START Exercise data
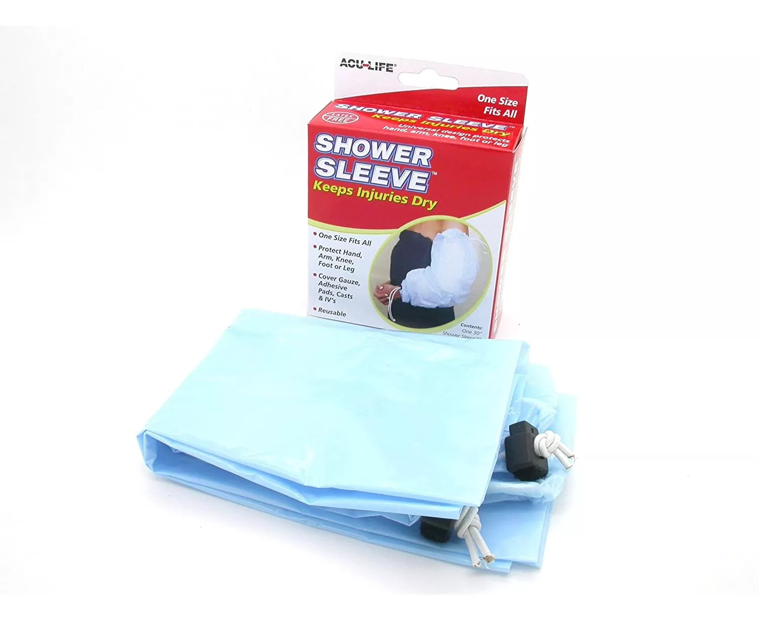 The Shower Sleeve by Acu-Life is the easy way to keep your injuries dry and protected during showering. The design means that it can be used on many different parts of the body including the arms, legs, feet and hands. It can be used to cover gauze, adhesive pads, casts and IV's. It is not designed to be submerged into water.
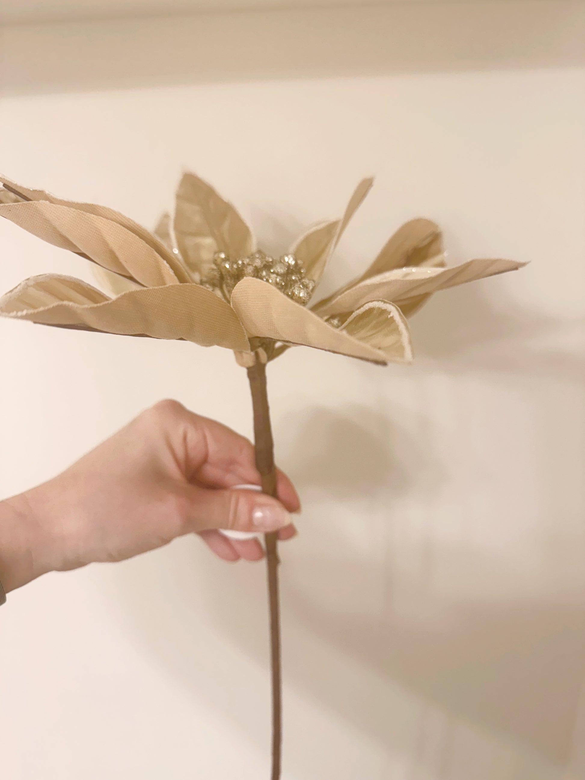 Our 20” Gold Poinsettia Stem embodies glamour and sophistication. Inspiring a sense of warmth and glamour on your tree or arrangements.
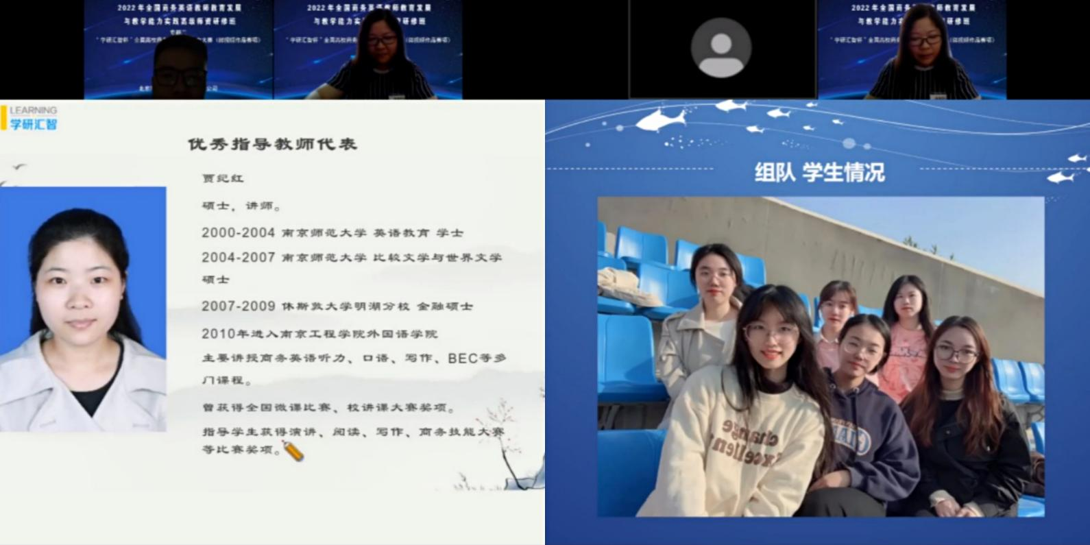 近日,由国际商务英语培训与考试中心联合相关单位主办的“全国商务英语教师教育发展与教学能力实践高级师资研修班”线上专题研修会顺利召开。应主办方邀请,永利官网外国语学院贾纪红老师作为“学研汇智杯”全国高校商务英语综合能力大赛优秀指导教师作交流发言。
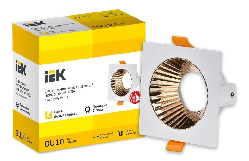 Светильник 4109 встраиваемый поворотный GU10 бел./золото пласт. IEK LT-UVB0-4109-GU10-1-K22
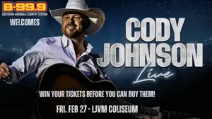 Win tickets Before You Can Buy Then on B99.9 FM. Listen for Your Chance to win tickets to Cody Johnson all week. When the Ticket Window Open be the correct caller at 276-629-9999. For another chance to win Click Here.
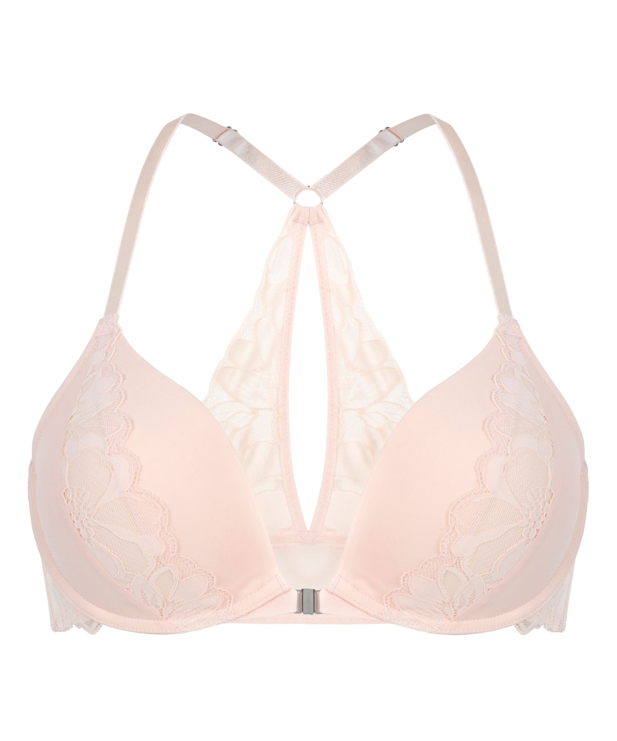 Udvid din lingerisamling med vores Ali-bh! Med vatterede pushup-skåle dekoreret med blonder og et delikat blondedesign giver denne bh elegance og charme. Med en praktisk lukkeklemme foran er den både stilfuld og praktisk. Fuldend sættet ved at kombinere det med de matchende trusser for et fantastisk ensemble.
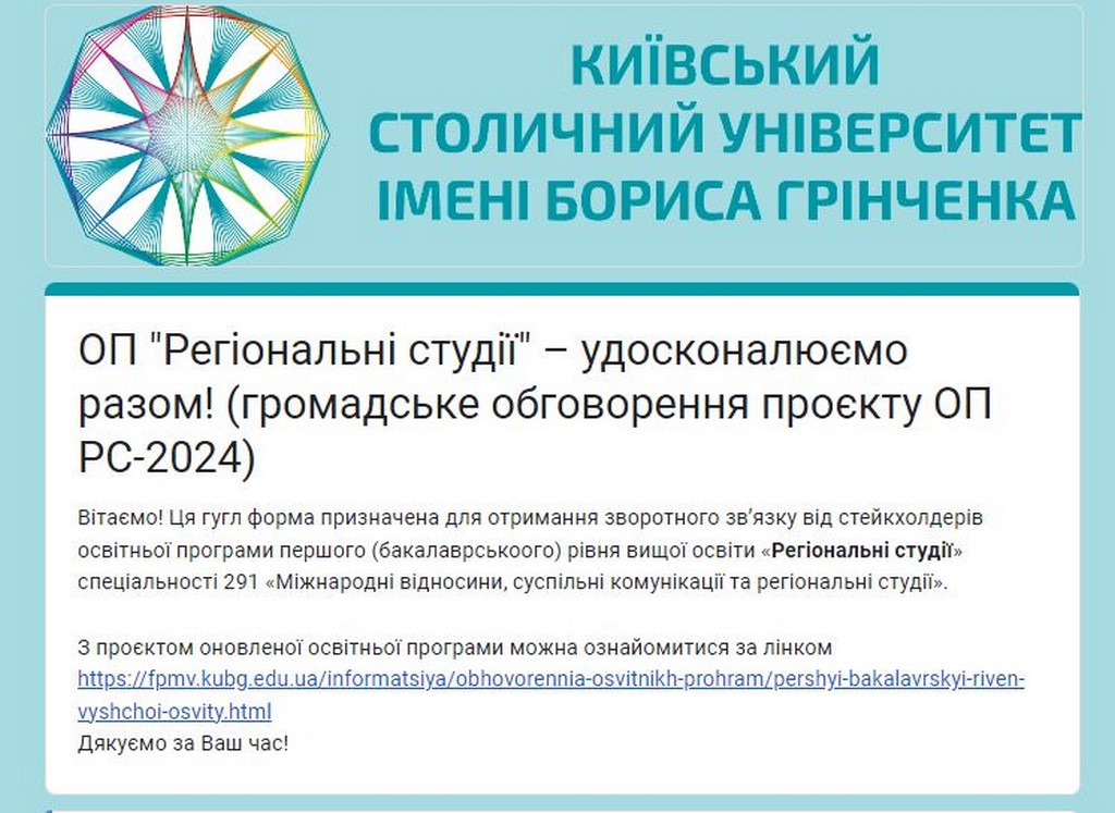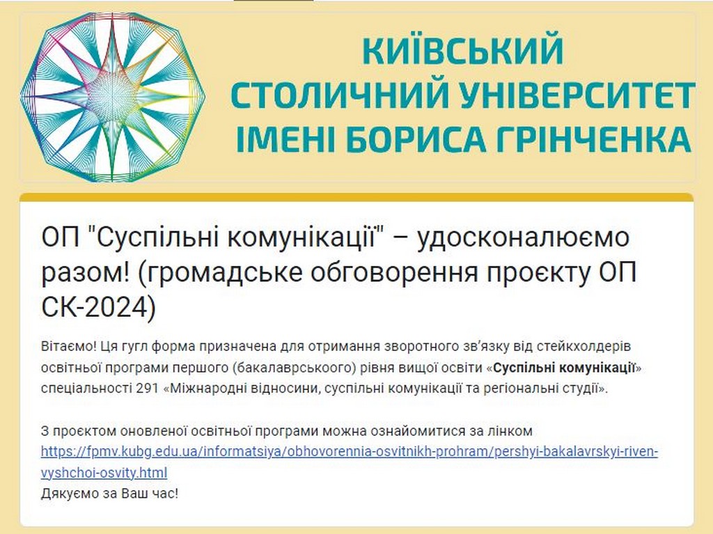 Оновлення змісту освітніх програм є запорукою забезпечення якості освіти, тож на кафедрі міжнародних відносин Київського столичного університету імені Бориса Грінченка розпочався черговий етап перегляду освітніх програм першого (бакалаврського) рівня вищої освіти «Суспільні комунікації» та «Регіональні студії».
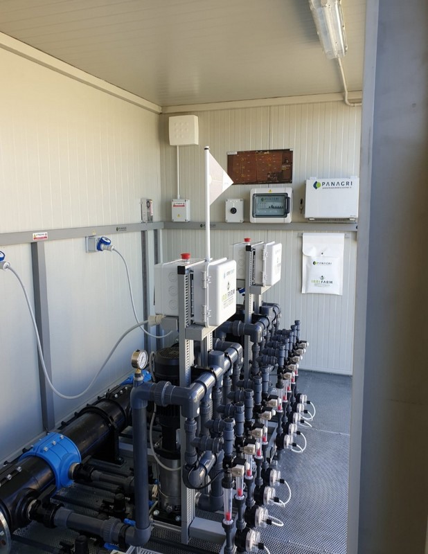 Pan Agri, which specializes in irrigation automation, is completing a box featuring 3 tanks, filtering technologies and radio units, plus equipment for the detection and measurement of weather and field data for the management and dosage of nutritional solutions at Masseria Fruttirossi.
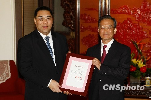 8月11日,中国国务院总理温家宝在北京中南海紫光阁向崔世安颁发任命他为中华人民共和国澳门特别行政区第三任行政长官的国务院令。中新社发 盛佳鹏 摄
END Exercise data
• What you should do
The records above must all be output exactly. Omit the images.

• Solution to the problem
 The Shower Sleeve by Acu-Life is the easy way to keep your injuries dry and protected during showering. The design means that it can be used on many different parts of the body including the arms, legs, feet and hands. It can be used to cover gauze, adhesive pads, casts and IV's. It is not designed to be submerged into water.
 Our 20” Gold Poinsettia Stem embodies glamour and sophistication. Inspiring a sense of warmth and glamour on your tree or arrangements.
 近日,由国际商务英语培训与考试中心联合相关单位主办的“全国商务英语教师教育发展与教学能力实践高级师资研修班”线上专题研修会顺利召开。应主办方邀请,永利官网外国语学院贾纪红老师作为“学研汇智杯”全国高校商务英语综合能力大赛优秀指导教师作交流发言。
 Светильник 4109 встраиваемый поворотный GU10 бел./золото пласт. IEK LT-UVB0-4109-GU10-1-K22
 Win tickets Before You Can Buy Then on B99.9 FM. Listen for Your Chance to win tickets to Cody Johnson all week. When the Ticket Window Open be the correct caller at 276-629-9999. For another chance to win Click Here.
 Udvid din lingerisamling med vores Ali-bh! Med vatterede pushup-skåle dekoreret med blonder og et delikat blondedesign giver denne bh elegance og charme. Med en praktisk lukkeklemme foran er den både stilfuld og praktisk. Fuldend sættet ved at kombinere det med de matchende trusser for et fantastisk ensemble.
 Оновлення змісту освітніх програм є запорукою забезпечення якості освіти, тож на кафедрі міжнародних відносин Київського столичного університету імені Бориса Грінченка розпочався черговий етап перегляду освітніх програм першого (бакалаврського) рівня вищої освіти «Суспільні комунікації» та «Регіональні студії».
 Pan Agri, which specializes in irrigation automation, is completing a box featuring 3 tanks, filtering technologies and radio units, plus equipment for the detection and measurement of weather and field data for the management and dosage of nutritional solutions at Masseria Fruttirossi.
 8月11日,中国国务院总理温家宝在北京中南海紫光阁向崔世安颁发任命他为中华人民共和国澳门特别行政区第三任行政长官的国务院令。中新社发 盛佳鹏 摄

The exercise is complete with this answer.